After the foreign table is created, you can directly query it to read data from OSS. The following is a sample statement.
-- TPCH Q11 query statement select ps_partkey, sum(ps_supplycost * ps_availqty) as value from partsupp_orc, supplier_orc, nation_orc where ps_suppkey = s_suppkey and s_nationkey = n_nationkey and RTRIM(n_name) = 'EGYPT' group by ps_partkey having sum(ps_supplycost * ps_availqty) > ( select sum(ps_supplycost * ps_availqty) * 0.000001 from partsupp_orc, supplier_orc, nation_orc where ps_suppkey = s_suppkey and s_nationkey = n_nationkey and RTRIM(n_name) = 'EGYPT' ) order by value desc;
Step 3: (Optional) Query the OSS data lake using a Hologres internal table
To query data using a Hologres internal table, you must import data from the OSS data lake into Hologres. The data is stored in Hologres, which provides better query performance and higher data processing capabilities. For more information about storage fees, see Billing overview.
-
In Hologres, create an internal table that has the same schema as the foreign table. The following is an example.
-- Create the nation table DROP TABLE IF EXISTS NATION; BEGIN; CREATE TABLE NATION ( N_NATIONKEY int NOT NULL PRIMARY KEY, N_NAME text NOT NULL, N_REGIONKEY int NOT NULL, N_COMMENT text NOT NULL ); CALL set_table_property ('NATION', 'distribution_key', 'N_NATIONKEY'); CALL set_table_property ('NATION', 'bitmap_columns', ''); CALL set_table_property ('NATION', 'dictionary_encoding_columns', ''); COMMIT; -- Create the supplier table DROP TABLE IF EXISTS SUPPLIER; BEGIN; CREATE TABLE SUPPLIER ( S_SUPPKEY int NOT NULL PRIMARY KEY, S_NAME text NOT NULL, S_ADDRESS text NOT NULL, S_NATIONKEY int NOT NULL, S_PHONE text NOT NULL, S_ACCTBAL DECIMAL(15, 2) NOT NULL, S_COMMENT text NOT NULL ); CALL set_table_property ('SUPPLIER', 'distribution_key', 'S_SUPPKEY'); CALL set_table_property ('SUPPLIER', 'bitmap_columns', 'S_NATIONKEY'); CALL set_table_property ('SUPPLIER', 'dictionary_encoding_columns', ''); COMMIT; -- Create the partsupp table DROP TABLE IF EXISTS PARTSUPP; BEGIN; CREATE TABLE PARTSUPP ( PS_PARTKEY int NOT NULL, PS_SUPPKEY int NOT NULL, PS_AVAILQTY int NOT NULL, PS_SUPPLYCOST DECIMAL(15, 2) NOT NULL, PS_COMMENT text NOT NULL, PRIMARY KEY (PS_PARTKEY, PS_SUPPKEY) ); CALL set_table_property ('PARTSUPP', 'distribution_key', 'PS_PARTKEY'); CALL set_table_property ('PARTSUPP', 'bitmap_columns', 'ps_availqty'); CALL set_table_property ('PARTSUPP', 'dictionary_encoding_columns', ''); COMMIT; -
Synchronize data from the Hologres foreign table to the Hologres internal table.

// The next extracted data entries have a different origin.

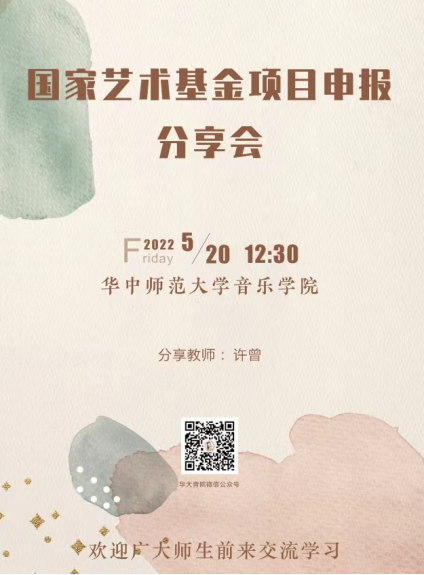 5月20日中午12时,音乐沙龙“国家艺术基金项目申报分享会”(第九期系列讲座)于华中师范大学音乐学院317教室成功举办。作曲指挥系青年教师许曾进行了国家艺术基金项目申报相关内容的分享。参加此次讲座的有我院青年教师,以及部分研究生、本科生同学们。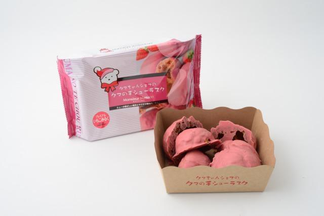 クマの手シューラスクプレミアムいちごみるく シュー生地をラスクに焼き上げました。シュー皮をタテ切りにするという、常識を覆した発想から誕生しました。シュー生地の上に薄いクッキー生地をのせて焼くことで香ばしさと風味が一段とアップ!独自にブレンドした甘酸っぱいいちご味のチョコをたっぷりかけました。 【商品の分類】 菓子/焼き菓子・油菓子 【内容量】 6個 【保存温度帯】 常温 【賞味期限】 製造日から300日 【業務用・小売用】 小売用 【希望する販路先】 百貨店 スーパー 上質スーパー 生協 その他小売 食品・酒類卸(国内) 業務用卸 その他食品商社 【希望小売価格】 780円(税抜)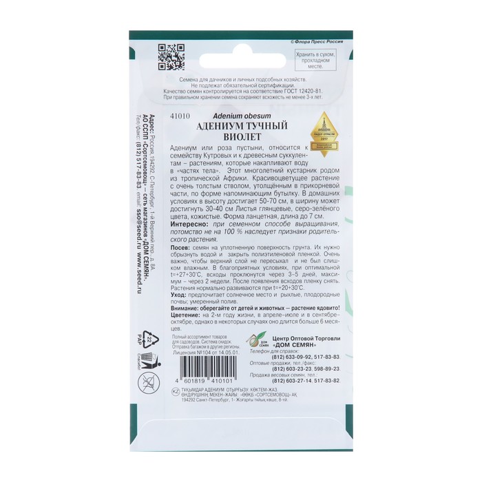 Адениум или роза пустыни, относится к семейству Кутровых и к древесным суккулентам – растениям, которые накапливают воду в «частях тела». Этот многолетний кустарник родом из тропической Африки. Красивоцветущее растение с очень толстым стволом, утолщённым в прикорневой части, по форме напоминающим бутылку. В домашних условиях в высоту достигает 50-70 см, в ширину может достигнуть 30-40 см Листья глянцевые, серо-зелёного цвета, кожистые. Форма ланцетная, длина до 7 см. Интересно: при семенном способе выращивания, потомство не на 100 % наследует признаки родительского растения. Посев: семян в плошки на уплотненную поверхность грунта. Их нужно сбрызнуть водой и закрыть полиэтиленовой пленкой. Очень важно, чтобы верхний слой не пересыхал и не был слишком влажным. В благоприятных условиях, при оптимальной t=+27+300С, всходы проклюнутся через 3–5 дней, максимум – через 2 недели. После появления всходов пленку снять. Растения нормально развиваются при t=+20+300С. Уход: предпочитает солнечное место и рыхлые, плодородные почвы; умеренный полив. Внимание: оберегайте от детей и животных — растение ядовито.Цветение: на 2-м году жизни, в апреле–июле и в сентябре–октябре, однако в некоторых случаях оно длится больше 6 месяцев.

--- Import data from the Hologres foreign table to the internal table. INSERT INTO nation SELECT * FROM nation_orc; INSERT INTO supplier SELECT * FROM supplier_orc; INSERT INTO partsupp SELECT * FROM partsupp_orc; -
Query the data in the Hologres internal table.
-- TPCH Q11 query statement select ps_partkey, sum(ps_supplycost * ps_availqty) as value from partsupp, supplier, nation where ps_suppkey = s_suppkey and s_nationkey = n_nationkey and RTRIM(n_name) = 'EGYPT' group by ps_partkey having sum(ps_supplycost * ps_availqty) > ( select sum(ps_supplycost * ps_availqty) * 0.000001 from partsupp, supplier, nation where ps_suppkey = s_suppkey and s_nationkey = n_nationkey and RTRIM(n_name) = 'EGYPT' ) order by value desc;
FAQ
When I create a Hologres foreign table, the error message ERROR: babysitter not ready,req:name:"HiveAccess" is returned.
-
Cause: The data lake acceleration feature is not enabled.
-
Solution: Go to the Hologres instance list. In the Actions column of the target instance, click Data Lake Acceleration and confirm the action to enable the feature.
References
The preceding content provides a tutorial example. For a complete description of the data lake feature, see Accelerate access to OSS data lakes based on DLF.